Auto-pilot – Point these apps in the direction of your videos and let them handle the rest
Lumify will take all the clips you feed it and output a fast paced final product that automatically cuts between filtered clips and adds music. Magisto achieves a similar finished product after users designate clips and choose from a handful of video themes like “Happy Birthday” or “Holidays at home”. Strum from Smule builds on the success of their “I am T-Pain” app but this time, with video. Strum asks for nothing more than a 15 second video of a person talking. After a few seconds of processing magic it produces a highly stylized music video with both video and, wait for it… audio filters!
Storytelling Platforms – Apps that harness the power of storytelling rather than low hanging visual gimmicks
PTCH is a video editing app with a laundry list of features and abllities. Building a video is easy: simply pull in “assets” from your own camera and remix them to fit your needs. The interesting approach PTCH takes comes into play after you share your creation.

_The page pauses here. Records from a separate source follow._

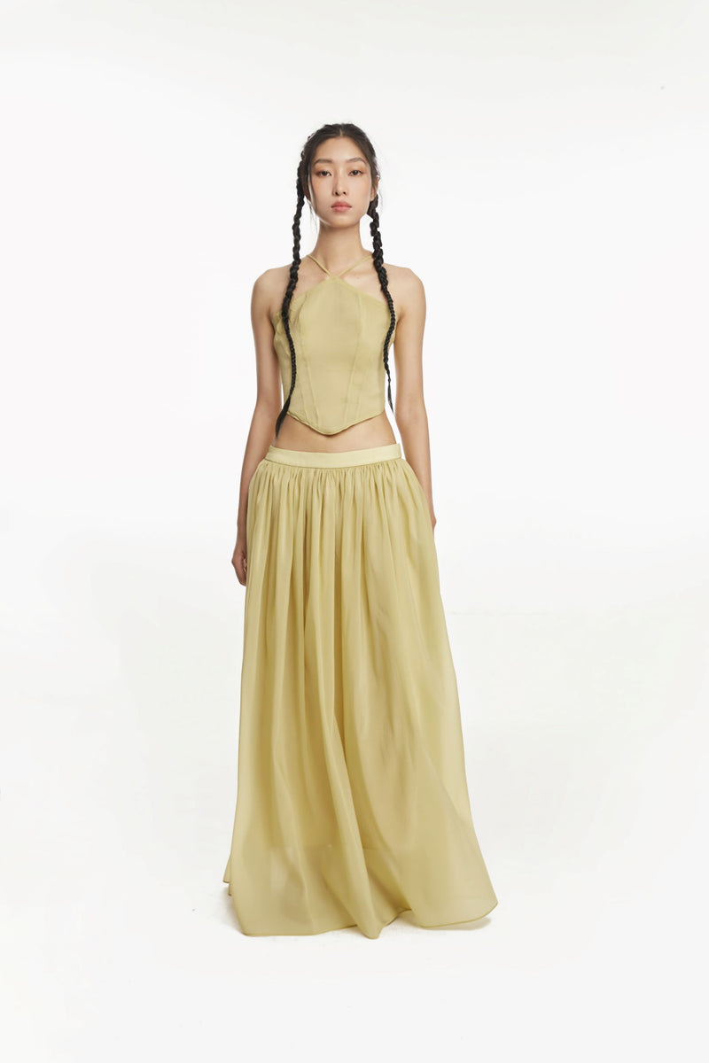 Elegant and exquisite, this full-length skirt flatteringly accentuates the waist while creating volume at the hips. It exudes an irresistible charm and poetic grace.
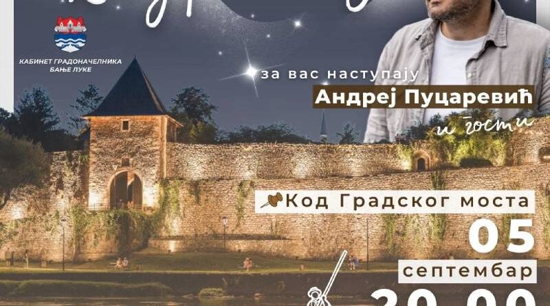 Kao završnica manifestacije “Banjalučko ljeto”, u četvrtak, 5. septembra od 20.00 časova, biće održan koncert na vodi, koji će prirediti Andrej Pucarević i gosti.
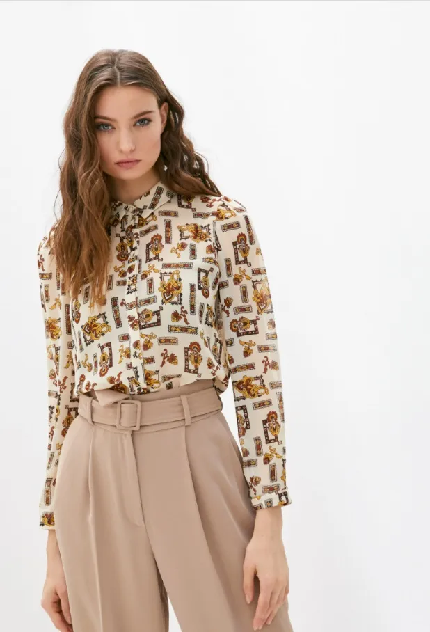 Цепочный принт негромко, но всё же вернулся в моду. Обрати внимание на лаконичную бежевую блузу. Предлагаем носить ее с широкими коричневыми брюками, а поверх можно накинуть однотонный жакет.

Your followers have the ability to remix (or “re-ptch”) your video, allowing them access to all assets you used in creating your film. Breaking the ingredients free of a final video into malleable chunks rather than a single, static youtube video.
In my opinion, the most promising of the group is Directr. You may not be Spielberg or Cameron but that doesnt mean you can’t learn from them. Directr uses “scripts” in the form of premade story borads that help you create videos of everything from “My trip to the cafe” to “My 10 favorite things of the week”. Directr gently guides you through the process of taking multiple shots to tell your story then combines them into a beautiful short (always less than 40 seconds) film. The focus is squarely on storytelling rather than visual gimmicks or over complicated social sharing schemes.
The space is crowded. There are more ways to upload a polished video than ever before but, should that be the goal? The “Instagram for video” will likely be a storytelling platform, not a visual effects warehouse. Images will always be easier to create and consume but videos can tell stories. They can weave a narrative.
The winner of this race will be the team that strikes a solid balance between automatically handling the video “production” side of things allowing users to focus on creating stories worth sharing.
What are your favorite apps for sharing video these days and what do you think the current offerings are missing?